N.Y.Envtl.Conserv.Law 23-0303(2); see id. at 744.

{¶ 72} The New York Court of Appeals rejected the notion that the preemption clause should be read broadly to preempt local zoning ordinances. It stated that the preemption clause was “most naturally read as preempting only local laws that purport to regulate the actual operations of oil and gas activities, not zoning ordinances that restrict or prohibit certain land uses within town boundaries.” (Emphasis added.) Id. at 746. The court also noted that unlike the OGSML’s preemption clause, other statutes had clearly preempted home-rule zoning power while taking into account local considerations that otherwise would have been protected by traditional municipal zoning powers. Id. at 748. It held that because there was no inconsistency between the preservation of local zoning authority and the OGSML’s policies of preventing waste and promoting recovery of oil and gas, local zoning would not be preempted without a clear expression of that intent.

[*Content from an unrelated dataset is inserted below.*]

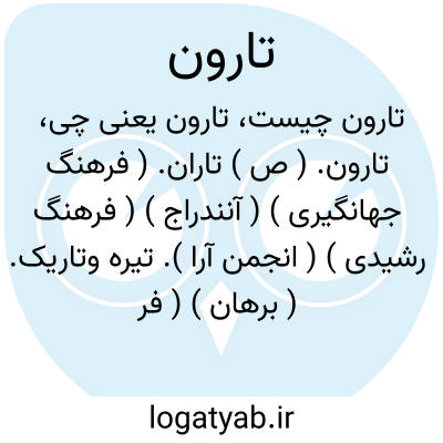 تارون. ( ص ) تاران. ( فرهنگ جهانگیری ) ( آنندراج ) ( فرهنگ رشیدی ) ( انجمن آرا ). تیره وتاریک. ( برهان ) ( فرهنگ نظام ). تاره. تاری. تارین. تار و تاریک. ( آنندراج ) ( انجمن آرا ) ( فرهنگ رشیدی ).
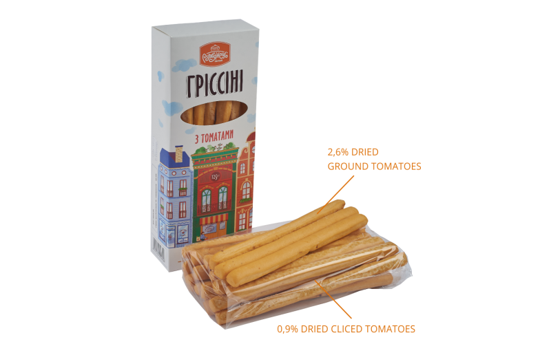 Perfectly dried Grissini sticks with a delicate tomato flavor and a bit spiced with pepper, like true Italian temper. Thanks to the traditional baking technology these breadsticks are extremely light and crispy. These Grissini go well with a variety of soups. Due to the tomato aroma, they bring a new taste to well-known dishes.

Amer Cunningham Co., L.P.A., Jack Morrison Jr., Thomas M. Saxer, and Thomas R. Houlihan, for appellant. Yorys, Sater, Seymour & Pease, L.L.P., and John K. Keller, for appellees.

{¶ 73} In states like Oklahoma, municipalities are authorized by statute to establish zones for the drilling of oil and gas wells. See Vinson v. Medley, 737 P.2d 932, 936 (Okla.1987). Other states have also recognized by regulation that local zoning can coexist with state laws regarding oil and gas development. See Cal.Pub.Res.Code 3690 (stating that the oil and gas law shall not be deemed a preemption of existing rights of cities and counties to regulate oil-production activities); Wyo. Rules & Regs., Oil & Gas Conservation Comm., Chap. 2, Section 1(b) (stating that owner or operator of oil and gas wells must also comply with applicable federal, local, or other state permits or regulatory requirements).

{¶ 74} I contend that Ohio, too, should make an effort to harmonize the laws of the state and local municipalities to avoid preemption, if possible. See N. Ohio Patrolmen’s Benevolent Assn. v. Parma, 61 Ohio St.2d 375, 377, 402 N.E.2d 519 (1980). R.C. Chapter 1509 does not expressly prohibit the enforcement of local zoning ordinances. Municipal zoning ordinances differ from, and can coexist with, R.C. Chapter 1509 and its statewide regulations governing drilling.

Conclusion

{¶ 75} There is no need for the state to act as the thousand-pound gorilla, gobbling up exclusive authority over the oil and gas industry, leaving not even a banana peel of home rule for municipalities. I would reverse the judgment of the court of appeals and remand to that court for further proceedings.

Pfeifer and O’Neill, JJ., concur in the foregoing opinion.